I have following code with retry-logic, so I ensure the bin gets exported to remote

def send_export_request(self, payload):
    while True:
        success = False
        try:
            self.session.post(self.collector, data=payload, timeout=10)
            success = True
        except requests.exceptions.RequestException as e:
            self.logger.log_error("RequestException ocurred when storing paste %s: %s" % (payload['key'], e))

        if success:
            break

        self.logger.log("Retrying to store the paste...")
        self.session.close()
        self.session = requests.session()
        sleep(2)

Of course self.session is initialized in constructor to requests.session(). What eventually always happens (the amount of time differs from case to case, but it always happens under 24 hours) is that the following exception is raised:

HTTPConnectionPool(host='www.[redacted].com', port=80): Read timed out. (read timeout=10)

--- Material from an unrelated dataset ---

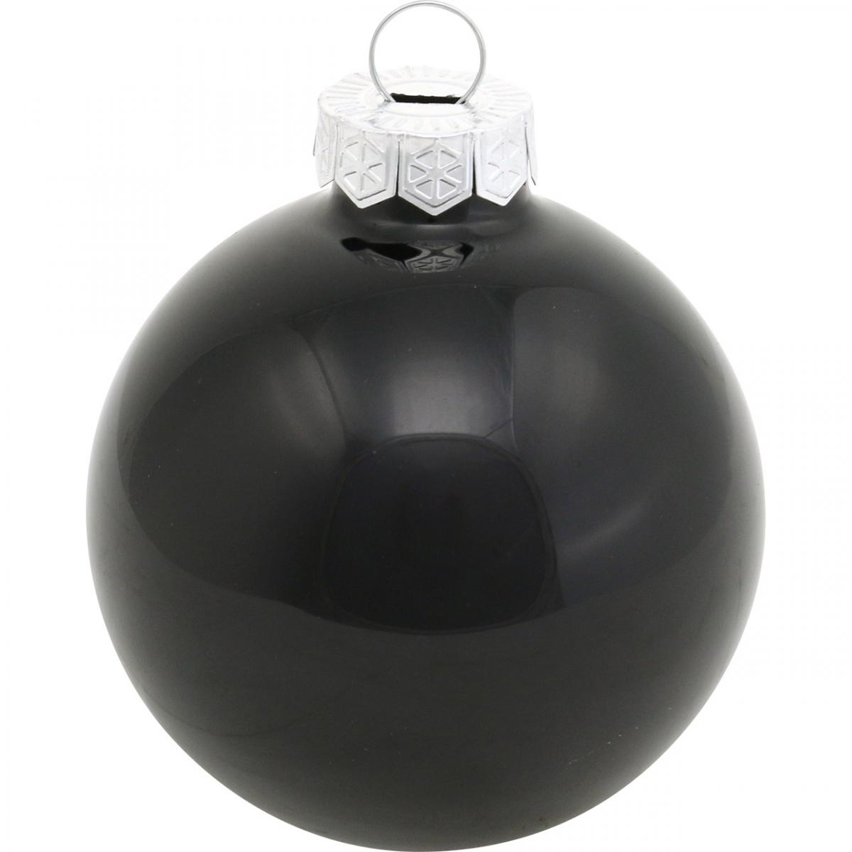 Karácsonyfa golyók, fa medálok, üveggolyók fekete H6,5cm Ø6cm valódi üveg 24 db

And the code goes into the loop, always raising this exception, logging it, waiting 2 seconds, trying again, raising the exception and so on and so forth. It never recovers, unless I kill the script and run it again. I searched a lot, tried originally the code without a session (just post requests), then added the session and finally tried creating new session before retrying. None of that works. What am I missing?


Solution

  • No wonder no one knew where the issue lies. I will answer this question to shed some light on what the problem was.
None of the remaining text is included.